EXERCISE REQUIREMENTS ->
Among the records below, find the line that has "真鍮の無垢な質感と、ドロップ"; from there, give the lines again exactly, and stop after the line that has "Offshore Oil and".

GIVEN DATA ->
────────────────────

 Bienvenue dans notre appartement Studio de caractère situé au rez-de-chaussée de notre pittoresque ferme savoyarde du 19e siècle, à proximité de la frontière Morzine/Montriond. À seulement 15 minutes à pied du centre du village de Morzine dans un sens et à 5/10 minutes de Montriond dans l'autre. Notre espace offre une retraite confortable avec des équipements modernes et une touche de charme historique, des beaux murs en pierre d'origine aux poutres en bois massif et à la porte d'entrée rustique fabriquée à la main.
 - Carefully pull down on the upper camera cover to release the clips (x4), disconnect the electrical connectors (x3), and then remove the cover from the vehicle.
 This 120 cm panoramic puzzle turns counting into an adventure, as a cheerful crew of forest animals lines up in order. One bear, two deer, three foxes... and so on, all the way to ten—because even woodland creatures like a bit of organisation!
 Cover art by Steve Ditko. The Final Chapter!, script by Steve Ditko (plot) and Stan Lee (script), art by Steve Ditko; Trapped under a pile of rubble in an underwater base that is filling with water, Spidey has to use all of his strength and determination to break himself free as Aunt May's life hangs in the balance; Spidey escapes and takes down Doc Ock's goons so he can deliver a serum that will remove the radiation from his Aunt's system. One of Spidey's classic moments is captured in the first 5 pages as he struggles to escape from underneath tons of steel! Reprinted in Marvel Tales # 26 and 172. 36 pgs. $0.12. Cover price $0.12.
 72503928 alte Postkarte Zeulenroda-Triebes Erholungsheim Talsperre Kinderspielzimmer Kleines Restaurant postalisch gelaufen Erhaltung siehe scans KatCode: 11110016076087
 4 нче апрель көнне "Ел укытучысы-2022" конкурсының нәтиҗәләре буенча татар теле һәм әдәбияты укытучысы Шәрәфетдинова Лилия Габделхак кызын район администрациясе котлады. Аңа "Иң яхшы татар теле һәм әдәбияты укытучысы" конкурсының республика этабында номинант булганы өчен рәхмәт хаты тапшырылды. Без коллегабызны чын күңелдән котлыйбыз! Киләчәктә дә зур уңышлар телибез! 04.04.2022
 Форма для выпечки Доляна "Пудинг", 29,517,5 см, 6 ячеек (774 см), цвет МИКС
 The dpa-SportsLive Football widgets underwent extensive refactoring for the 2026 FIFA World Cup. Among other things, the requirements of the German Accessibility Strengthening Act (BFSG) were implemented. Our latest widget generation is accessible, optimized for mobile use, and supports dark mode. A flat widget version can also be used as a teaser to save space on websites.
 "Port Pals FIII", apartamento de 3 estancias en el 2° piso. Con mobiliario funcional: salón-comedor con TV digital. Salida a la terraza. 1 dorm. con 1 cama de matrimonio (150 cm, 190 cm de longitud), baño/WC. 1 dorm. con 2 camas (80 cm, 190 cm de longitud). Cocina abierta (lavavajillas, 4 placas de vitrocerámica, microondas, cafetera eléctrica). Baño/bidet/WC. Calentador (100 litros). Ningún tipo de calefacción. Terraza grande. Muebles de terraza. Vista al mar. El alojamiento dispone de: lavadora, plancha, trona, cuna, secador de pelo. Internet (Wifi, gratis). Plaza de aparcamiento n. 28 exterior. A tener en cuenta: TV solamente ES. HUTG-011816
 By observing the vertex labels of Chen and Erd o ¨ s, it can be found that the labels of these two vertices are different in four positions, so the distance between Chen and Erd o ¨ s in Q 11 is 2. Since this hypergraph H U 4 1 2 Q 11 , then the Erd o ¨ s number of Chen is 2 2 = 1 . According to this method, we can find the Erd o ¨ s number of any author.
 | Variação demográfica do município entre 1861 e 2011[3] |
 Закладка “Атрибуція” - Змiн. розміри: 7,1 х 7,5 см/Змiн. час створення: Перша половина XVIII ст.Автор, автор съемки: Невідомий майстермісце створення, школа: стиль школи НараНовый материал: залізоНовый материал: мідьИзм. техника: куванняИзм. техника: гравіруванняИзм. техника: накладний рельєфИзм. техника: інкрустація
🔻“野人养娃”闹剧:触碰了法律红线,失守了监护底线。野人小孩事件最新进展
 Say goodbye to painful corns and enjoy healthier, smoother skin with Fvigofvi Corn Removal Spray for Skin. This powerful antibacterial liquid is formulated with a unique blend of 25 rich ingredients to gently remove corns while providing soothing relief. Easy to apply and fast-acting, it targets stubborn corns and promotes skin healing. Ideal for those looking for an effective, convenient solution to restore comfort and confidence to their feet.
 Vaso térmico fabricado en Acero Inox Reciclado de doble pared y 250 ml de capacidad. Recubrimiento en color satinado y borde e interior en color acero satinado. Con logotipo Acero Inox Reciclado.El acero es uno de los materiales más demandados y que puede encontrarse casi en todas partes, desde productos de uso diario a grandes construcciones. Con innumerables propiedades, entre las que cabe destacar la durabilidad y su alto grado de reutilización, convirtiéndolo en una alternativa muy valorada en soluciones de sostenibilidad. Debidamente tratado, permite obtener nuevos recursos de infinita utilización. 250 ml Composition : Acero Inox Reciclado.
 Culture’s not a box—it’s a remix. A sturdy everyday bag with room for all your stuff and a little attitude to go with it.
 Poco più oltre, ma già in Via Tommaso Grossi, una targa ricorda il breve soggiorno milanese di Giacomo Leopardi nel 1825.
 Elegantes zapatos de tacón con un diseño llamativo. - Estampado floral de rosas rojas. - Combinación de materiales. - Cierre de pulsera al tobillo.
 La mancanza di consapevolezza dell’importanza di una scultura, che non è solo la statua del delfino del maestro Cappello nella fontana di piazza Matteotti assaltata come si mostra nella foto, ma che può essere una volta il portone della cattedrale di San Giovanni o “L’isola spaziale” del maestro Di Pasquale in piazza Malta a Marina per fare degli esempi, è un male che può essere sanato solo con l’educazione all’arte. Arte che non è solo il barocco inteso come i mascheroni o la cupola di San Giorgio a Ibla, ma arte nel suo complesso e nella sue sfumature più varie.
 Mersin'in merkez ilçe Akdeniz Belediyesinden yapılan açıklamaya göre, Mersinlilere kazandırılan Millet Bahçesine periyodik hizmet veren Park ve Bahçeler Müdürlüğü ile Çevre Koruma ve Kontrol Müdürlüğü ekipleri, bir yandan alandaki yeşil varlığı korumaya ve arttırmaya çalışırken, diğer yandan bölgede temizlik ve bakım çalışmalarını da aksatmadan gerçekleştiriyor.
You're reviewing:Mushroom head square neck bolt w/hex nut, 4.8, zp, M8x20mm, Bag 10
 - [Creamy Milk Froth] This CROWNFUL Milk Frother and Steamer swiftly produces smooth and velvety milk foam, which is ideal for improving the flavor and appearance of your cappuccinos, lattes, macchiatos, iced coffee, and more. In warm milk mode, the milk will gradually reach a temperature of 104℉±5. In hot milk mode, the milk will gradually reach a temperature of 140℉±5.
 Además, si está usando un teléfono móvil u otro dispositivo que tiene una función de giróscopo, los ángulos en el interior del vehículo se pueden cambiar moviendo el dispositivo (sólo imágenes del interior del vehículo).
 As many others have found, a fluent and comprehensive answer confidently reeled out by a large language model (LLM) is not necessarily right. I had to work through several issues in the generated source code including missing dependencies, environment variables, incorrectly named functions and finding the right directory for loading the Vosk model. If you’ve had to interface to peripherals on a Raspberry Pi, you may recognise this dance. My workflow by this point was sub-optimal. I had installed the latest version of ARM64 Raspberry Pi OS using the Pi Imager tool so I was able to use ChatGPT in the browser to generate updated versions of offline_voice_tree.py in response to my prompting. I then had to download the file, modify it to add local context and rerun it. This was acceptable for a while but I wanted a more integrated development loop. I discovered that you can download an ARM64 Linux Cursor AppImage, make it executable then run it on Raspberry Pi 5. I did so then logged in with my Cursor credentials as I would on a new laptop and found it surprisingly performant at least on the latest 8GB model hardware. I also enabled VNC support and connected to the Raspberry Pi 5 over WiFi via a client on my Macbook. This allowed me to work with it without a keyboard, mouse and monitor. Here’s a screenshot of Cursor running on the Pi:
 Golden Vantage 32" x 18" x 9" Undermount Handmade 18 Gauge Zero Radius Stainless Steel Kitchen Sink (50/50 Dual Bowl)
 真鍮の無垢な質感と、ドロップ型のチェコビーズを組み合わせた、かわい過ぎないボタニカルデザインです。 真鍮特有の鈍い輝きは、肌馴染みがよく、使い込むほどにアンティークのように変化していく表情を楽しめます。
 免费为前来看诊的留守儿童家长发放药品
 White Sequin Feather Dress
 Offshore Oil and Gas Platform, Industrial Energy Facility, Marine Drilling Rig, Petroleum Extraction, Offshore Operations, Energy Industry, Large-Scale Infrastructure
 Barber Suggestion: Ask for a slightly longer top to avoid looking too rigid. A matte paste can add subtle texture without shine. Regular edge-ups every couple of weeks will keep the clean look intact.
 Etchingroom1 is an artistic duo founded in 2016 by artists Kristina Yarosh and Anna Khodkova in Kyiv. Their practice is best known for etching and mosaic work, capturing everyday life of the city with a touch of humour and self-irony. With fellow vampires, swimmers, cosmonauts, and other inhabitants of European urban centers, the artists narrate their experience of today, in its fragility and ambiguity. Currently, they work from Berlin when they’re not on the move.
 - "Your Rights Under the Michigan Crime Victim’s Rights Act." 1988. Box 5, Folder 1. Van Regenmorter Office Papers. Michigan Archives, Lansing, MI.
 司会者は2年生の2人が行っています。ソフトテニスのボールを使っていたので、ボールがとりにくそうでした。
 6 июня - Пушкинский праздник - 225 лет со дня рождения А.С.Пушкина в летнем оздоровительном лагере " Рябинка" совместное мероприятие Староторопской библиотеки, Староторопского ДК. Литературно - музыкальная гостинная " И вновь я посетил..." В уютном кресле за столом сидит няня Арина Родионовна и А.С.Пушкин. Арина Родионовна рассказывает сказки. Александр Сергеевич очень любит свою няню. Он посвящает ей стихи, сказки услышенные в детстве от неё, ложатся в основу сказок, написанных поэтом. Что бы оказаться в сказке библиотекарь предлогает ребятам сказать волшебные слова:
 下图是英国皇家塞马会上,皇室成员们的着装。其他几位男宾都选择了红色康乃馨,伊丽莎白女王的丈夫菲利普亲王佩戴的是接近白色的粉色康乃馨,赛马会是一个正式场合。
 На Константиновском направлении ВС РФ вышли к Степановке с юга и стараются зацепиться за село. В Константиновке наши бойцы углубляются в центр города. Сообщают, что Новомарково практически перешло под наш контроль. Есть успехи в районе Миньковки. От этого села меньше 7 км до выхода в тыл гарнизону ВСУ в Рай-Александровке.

────────────────────

OUTPUT OF THE TASK ->
 真鍮の無垢な質感と、ドロップ型のチェコビーズを組み合わせた、かわい過ぎないボタニカルデザインです。 真鍮特有の鈍い輝きは、肌馴染みがよく、使い込むほどにアンティークのように変化していく表情を楽しめます。
 免费为前来看诊的留守儿童家长发放药品
 White Sequin Feather Dress
 Offshore Oil and Gas Platform, Industrial Energy Facility, Marine Drilling Rig, Petroleum Extraction, Offshore Operations, Energy Industry, Large-Scale Infrastructure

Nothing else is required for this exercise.